India's big four outsourcers averaged 22.7 percent attrition over the last 12 months, according to their recently published results, and that massive loss of personnel means customers will likely be served by less experienced staff. The attrition rates ranged from 27.7 percent at Infosys to 17.4 percent at Tata Consulting …
I started a role with Infosys during lockdown.
It was a remote role (obviously, given the time) but it lasted roughly 3 months. It took almost 7 weeks to get a laptop. It took me another 2 to get a working login to said laptop. I spent the next 3 weeks twiddling my thumbs not even knowing who I officially reported to or what contract I was supposed to be assigned to. And then they terminated my contract due to "making myself unavailable".
By which time I'd already found another job because while I know some people may find being paid to sit around doing nothing quite pleasant, for me it's horrendous.
The weirder thing is that when I started the new job I had a colleague who they had done the exact same thing to just before me!
That sounds rather similar to a situation I found myself in. Did a stint working for Accenture. They sent me an Accenture laptop despite knowing the contract I was working on had the client providing me a laptop to do all work on. I was expected to then maintain this Accenture laptop despite having no reason to use it. Now I can't seem to get rid of the bloody thing. They won't send anyone by to pick it up and I refuse to go even a single step out of my way to return it to them after the way I was treated. So I'm stuck with this useless laptop just sitting around collecting dust.
The quality was poor to start with.
I've cycled though a few of these over the years (not by choice I might add), and poor quality is the one consistent thing I've seen across them all. There have been more than a few meetings I can remember where the customer was literally screaming down the phone to have people removed from their account because of the mess they created.
The competent people (and there aren't many) don't last long for a couple of reasons. Money, and burn-out.
Some of the hypotheses put forward by the various executives in the OA could be tested if we knew the median length of service of those leaving.
A rough distribution (even just the median and quartiles) would be better.
Commercially sensitive information I guess.

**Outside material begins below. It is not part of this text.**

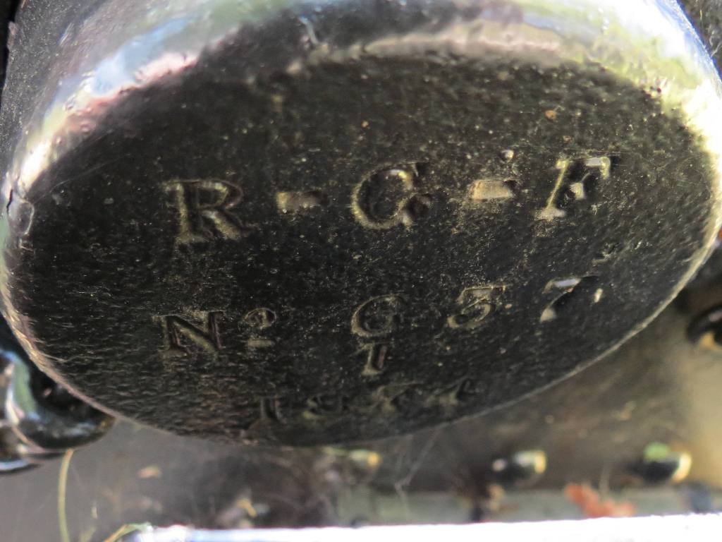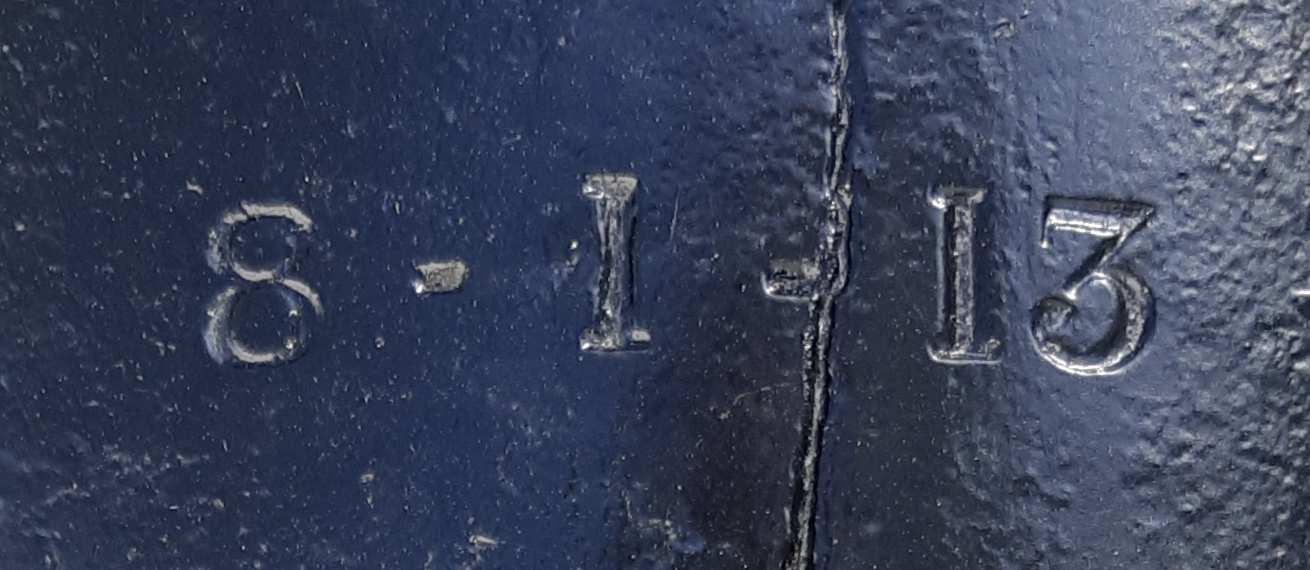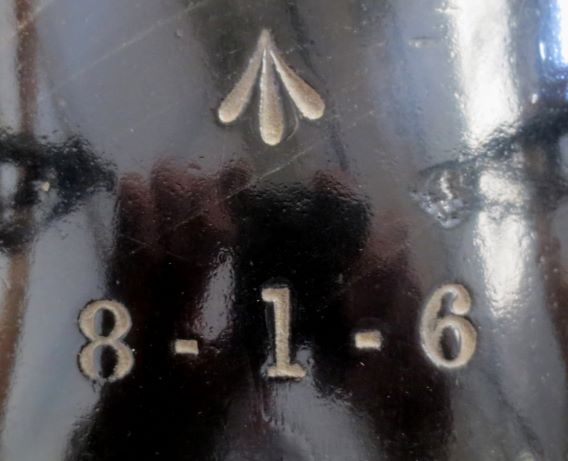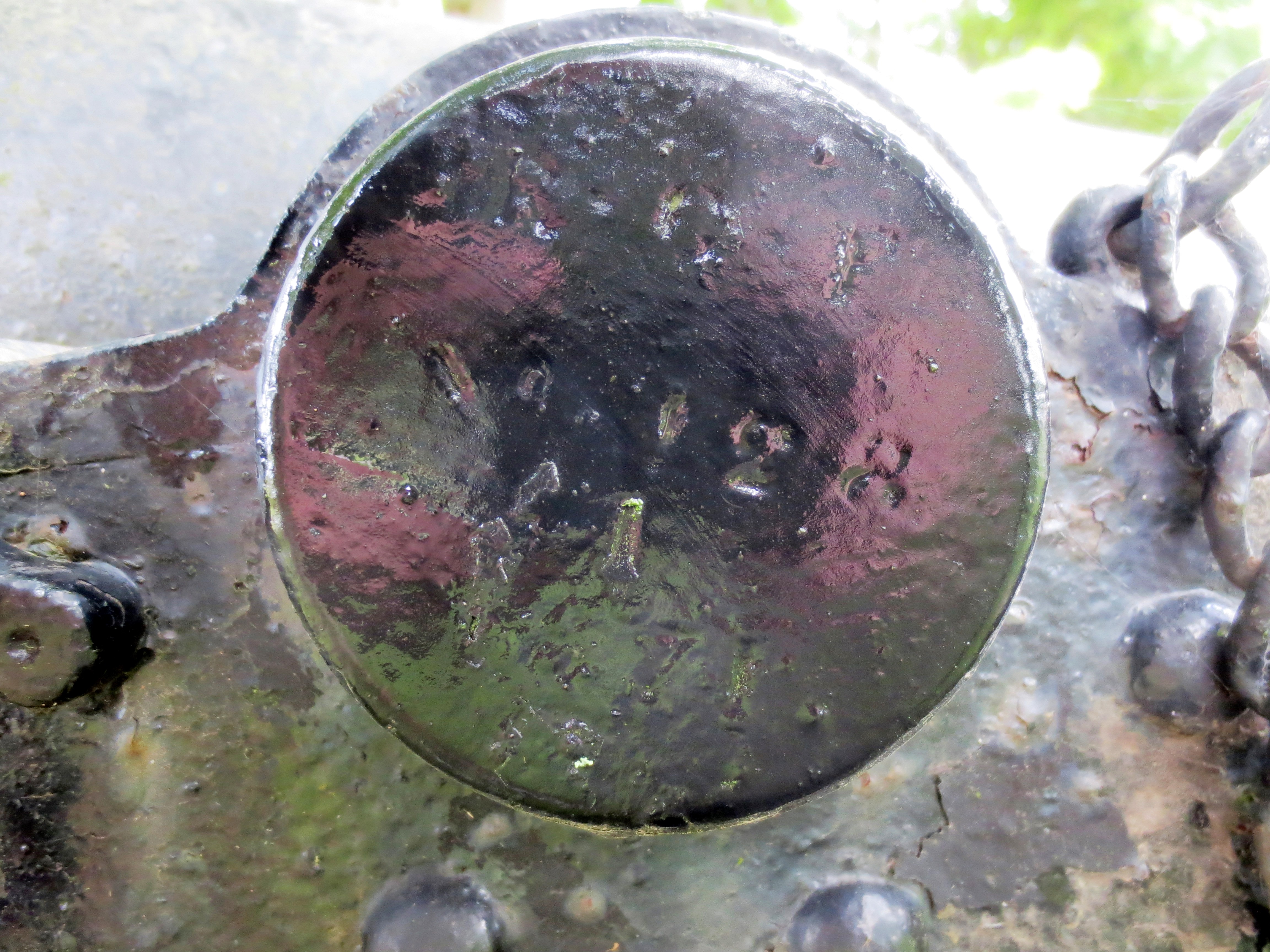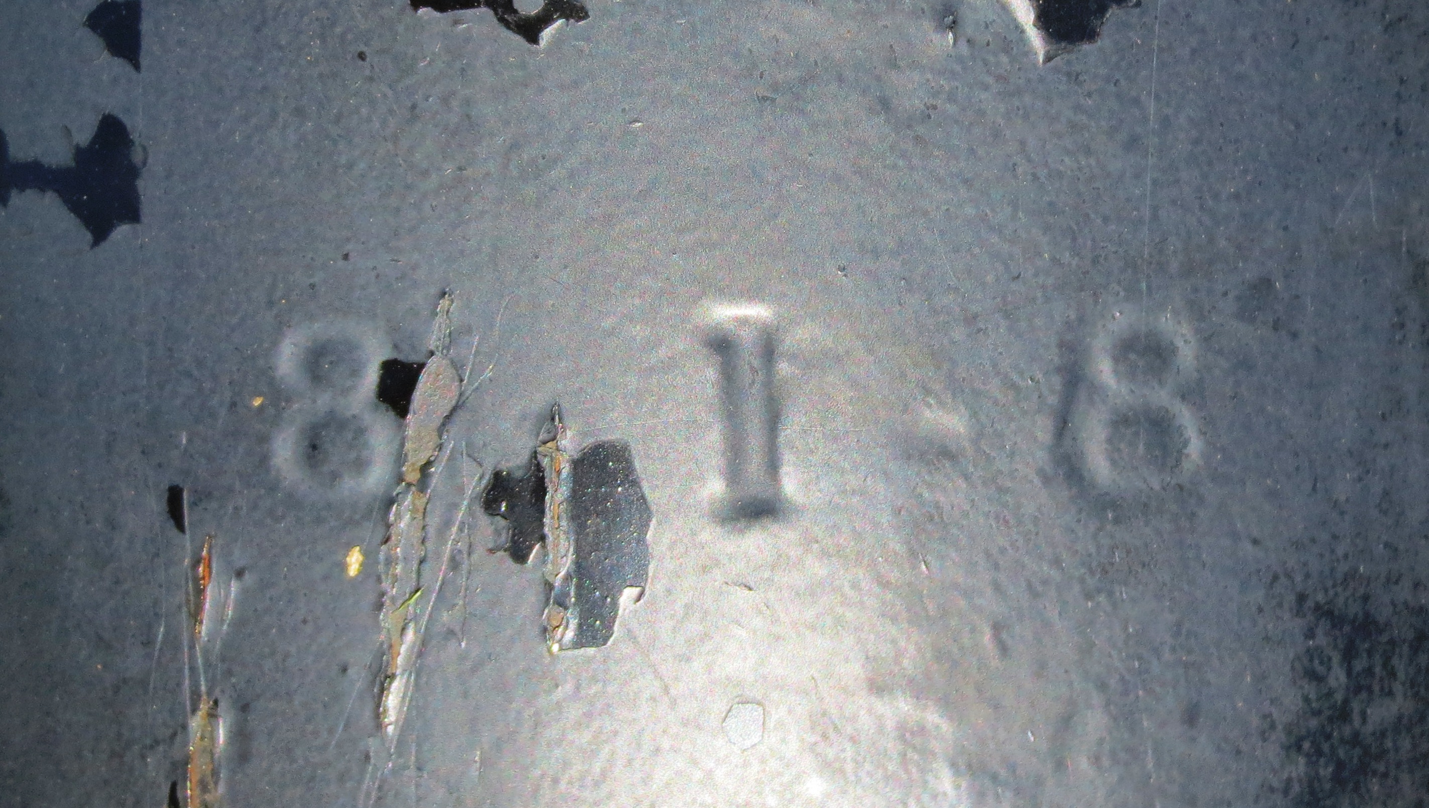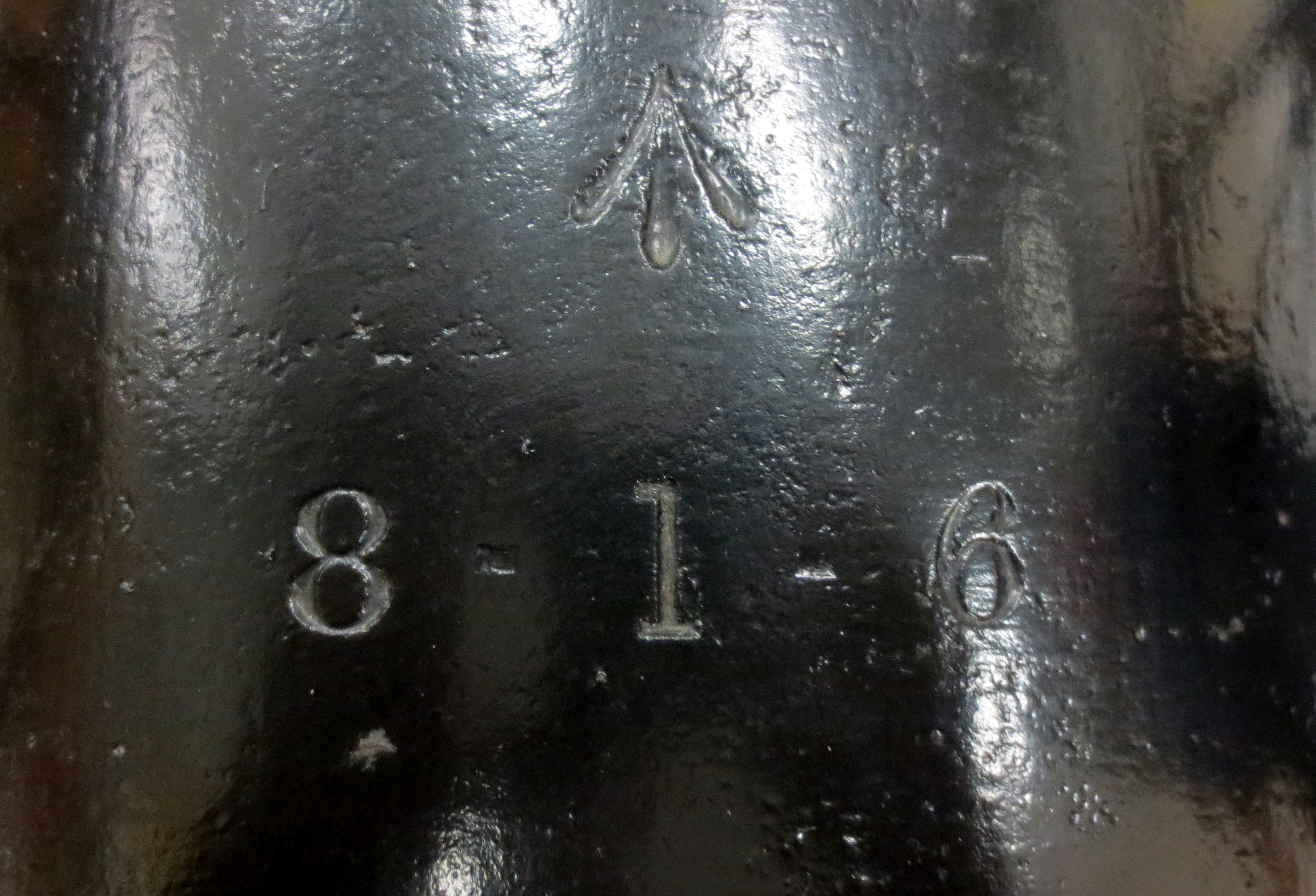 9-pounder 8-cwt Muzzleloading Rifle Mk. 1, weight 8-1-7 (931 lbs), RGF No. 628, I, 1874 on the right trunnion. This MLR is possibly associated with No. 15 Shefford-Granby Battery. This MLR is now in the hands of Les Matross. Its restoration and rehabilitation are in the hands of Normand Roberge and Tony Walsh.

For example UK teachers in schools: 9% leave teaching each year roughly. 15% leave after first year of teaching. The whole distribution is on the ONS Web site
https://explore-education-statistics.service.gov.uk/find-statistics/school-workforce-in-england#dataBlock-7419641d-0360-4cca-ac9a-8d30f527ae8b-tables
Although annoyingly I can't link to the retention table directly
Over the years I've consulted for several clients who had India based teams I interacted with regularly enough that I got to know who on the team knew their stuff and who was dead weight. In my experience, yearly turnover for the best people was probably around 100%, and even for the dead weight was in the 25-50% range.
It was really annoying to be in a project that lasted six months and have to replace my POC for the India team twice during that time, requiring a week of catch up for the new guy each time. I actually fought with a project manager wanting to build in time for "India staff turnover" once, he wouldn't let me have it. I gave him a big "told you so" when their top guy left and it turned out he hadn't been keeping any of his underlings in the loop about what he was doing so we basically had to start their part of the project over from square one.
I guess the rule that pretty much the only way you can get a really big raise is to change jobs is just as true there as it is in the west.
That's outsourcing in a nutshell, cheaper but worse.
Well, its cheaper if you stay within the terms of the agreed deliverables and then gets very expensive quickly when you ask for a variation...
But afer all these years, plenty of companies don't seem to understand this - I guess their "IT managers" also suffer from rapid turnover and muppetry.